Mórbido Fest
- Location: Mexico City, Mexico
- Founded: 2008
- Language: International
- Website: www.morbidofest.com

= Mórbido Fest =

Annual film festival in Mexico

Mórbido Fest is an annual fantasy and horror film festival in Mexico City, Mexico. Known as "Mexico’s Premier Horror Event", it was founded in 2008 by Pablo Guisa Koestinger and is a member of the Méliès International Festivals Federation.

==History==
Prior guests include Roger Corman, Barbara Crampton, Elijah Wood, Hideo Nakata, John Landis and Joe Dante.

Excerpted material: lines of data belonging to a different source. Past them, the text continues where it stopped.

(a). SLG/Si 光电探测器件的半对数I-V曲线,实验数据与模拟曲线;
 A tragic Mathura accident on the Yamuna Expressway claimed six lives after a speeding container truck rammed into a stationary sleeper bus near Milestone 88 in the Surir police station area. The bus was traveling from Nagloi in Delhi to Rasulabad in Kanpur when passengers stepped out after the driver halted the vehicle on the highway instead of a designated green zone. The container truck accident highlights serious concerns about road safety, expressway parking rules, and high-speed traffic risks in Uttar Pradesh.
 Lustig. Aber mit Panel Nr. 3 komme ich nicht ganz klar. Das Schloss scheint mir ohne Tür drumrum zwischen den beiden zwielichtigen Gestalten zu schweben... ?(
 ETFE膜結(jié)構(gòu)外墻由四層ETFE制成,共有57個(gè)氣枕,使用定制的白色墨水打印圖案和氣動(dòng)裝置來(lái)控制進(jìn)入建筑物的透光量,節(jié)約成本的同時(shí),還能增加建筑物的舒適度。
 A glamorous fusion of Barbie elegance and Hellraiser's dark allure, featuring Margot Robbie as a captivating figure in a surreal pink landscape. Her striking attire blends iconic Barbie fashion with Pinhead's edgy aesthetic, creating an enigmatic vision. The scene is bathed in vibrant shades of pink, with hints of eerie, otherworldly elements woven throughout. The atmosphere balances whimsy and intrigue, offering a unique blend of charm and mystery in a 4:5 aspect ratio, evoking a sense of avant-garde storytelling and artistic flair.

The 2016 event took place November 2–6 and featured 28 films from 13 nations, plus 77 short films from 20 nations, 12 Latin-American Premiers and 13 Mexican Premiers, including Demon, The Wailing, Miruthan, Scare Campaign, Seoul Station, Shut In, The Mermaid and The Thinning.

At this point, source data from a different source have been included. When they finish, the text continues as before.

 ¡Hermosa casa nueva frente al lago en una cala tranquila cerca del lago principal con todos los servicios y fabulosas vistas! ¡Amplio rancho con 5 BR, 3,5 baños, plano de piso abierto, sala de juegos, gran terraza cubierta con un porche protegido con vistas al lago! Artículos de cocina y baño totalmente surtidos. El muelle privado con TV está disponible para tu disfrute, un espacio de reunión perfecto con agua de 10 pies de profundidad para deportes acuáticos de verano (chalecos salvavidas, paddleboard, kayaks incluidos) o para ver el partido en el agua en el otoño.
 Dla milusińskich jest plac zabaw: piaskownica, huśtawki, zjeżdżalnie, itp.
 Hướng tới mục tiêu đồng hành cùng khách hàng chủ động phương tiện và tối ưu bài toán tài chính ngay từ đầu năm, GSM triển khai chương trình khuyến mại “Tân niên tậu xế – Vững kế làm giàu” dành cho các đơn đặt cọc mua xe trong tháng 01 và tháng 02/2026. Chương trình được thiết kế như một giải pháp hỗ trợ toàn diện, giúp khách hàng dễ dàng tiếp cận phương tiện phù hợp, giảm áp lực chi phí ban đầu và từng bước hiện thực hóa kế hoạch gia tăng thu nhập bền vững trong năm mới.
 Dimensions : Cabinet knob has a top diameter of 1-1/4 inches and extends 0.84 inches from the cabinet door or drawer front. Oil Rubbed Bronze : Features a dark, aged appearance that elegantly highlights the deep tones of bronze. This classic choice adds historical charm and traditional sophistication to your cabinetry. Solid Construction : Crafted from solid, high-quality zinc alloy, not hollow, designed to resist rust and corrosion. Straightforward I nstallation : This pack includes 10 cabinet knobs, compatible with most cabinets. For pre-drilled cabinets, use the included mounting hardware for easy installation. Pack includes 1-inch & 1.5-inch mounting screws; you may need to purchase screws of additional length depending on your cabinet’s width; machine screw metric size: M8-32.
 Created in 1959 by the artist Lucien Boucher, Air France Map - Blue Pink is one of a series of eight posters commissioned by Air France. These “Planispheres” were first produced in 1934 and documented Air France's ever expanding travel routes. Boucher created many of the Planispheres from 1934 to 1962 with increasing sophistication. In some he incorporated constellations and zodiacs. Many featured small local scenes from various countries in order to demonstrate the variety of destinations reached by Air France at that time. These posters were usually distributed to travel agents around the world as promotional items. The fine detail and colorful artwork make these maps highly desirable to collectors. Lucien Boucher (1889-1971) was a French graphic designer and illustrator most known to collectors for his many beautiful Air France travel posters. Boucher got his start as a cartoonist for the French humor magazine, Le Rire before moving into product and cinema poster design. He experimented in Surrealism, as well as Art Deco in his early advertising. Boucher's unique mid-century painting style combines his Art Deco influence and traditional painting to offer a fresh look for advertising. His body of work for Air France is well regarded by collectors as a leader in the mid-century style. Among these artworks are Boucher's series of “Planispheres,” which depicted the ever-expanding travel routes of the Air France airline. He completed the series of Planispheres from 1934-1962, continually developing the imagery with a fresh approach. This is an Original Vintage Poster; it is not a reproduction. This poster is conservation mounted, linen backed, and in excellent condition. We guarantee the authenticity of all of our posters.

The 2017 event saw the debut of Gigi Saul Guerrero's web series La Quinceanera.

The 2019 event took place October 30 to November 3 and saw Latin premieres for Paco Plaza's Eye for an Eye , Alice Waddington’s feature debut Paradise Hills and Richard Elfman's Aliens, Clowns & Geeks. Juan Diego Escobar Alzate's film Luz won the Calavera de Plata at the festival while the Golden Skull / Audience Award went to Colour out of Space by Richard Stanley.

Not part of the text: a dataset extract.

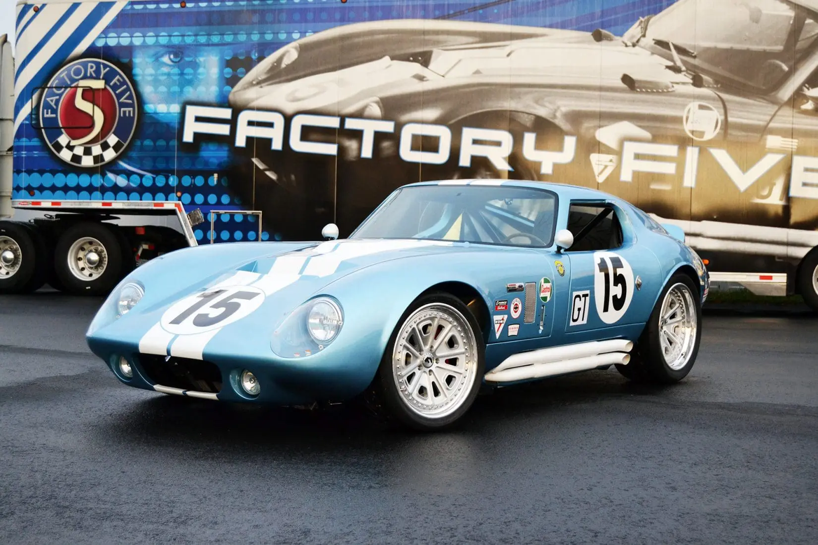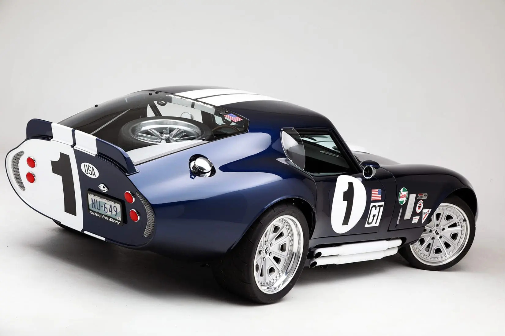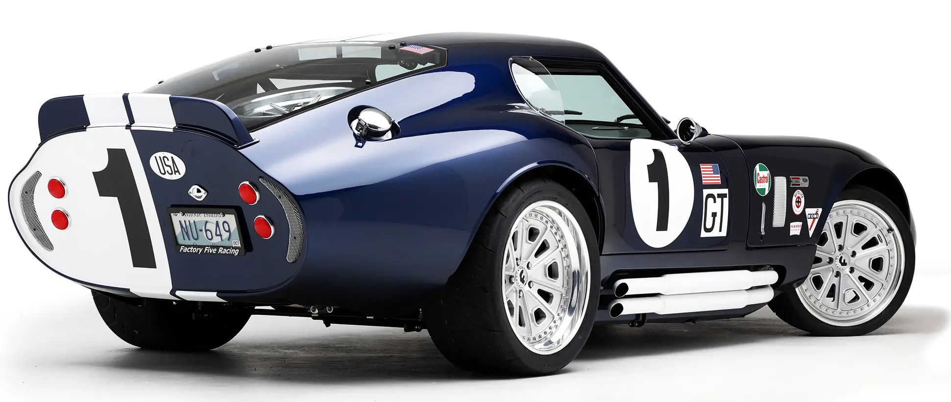 The Type 65 Coupe is designed to be an accurate replica of the original 1965 World Championship Daytona Coupe. The Factory Five Type 65 Coupe captures the look and feel of the original 200 mph GT cars, but as with all Factory Five designs, it is more reliable and comfortable.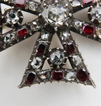 Condition: With commensurate to age, overall good condition, surface wear to garnets and a couple of diamonds with damage and a damaged garnet

The 2022 edition took place October 26 to November 2 at Teatro de la Ciudad and featured 79 short films and 30 feature-length films, including Huesera: The Bone Woman and Satanic Hispanics.

The 2024 edition took place October 30 to November 10. It showcased 100 short films and 52 feature films from around the world. After winning at the festival, Cinema Management Group acquired sales for 2024 Peruvian found footage horror movie The Devil’s Teardrop.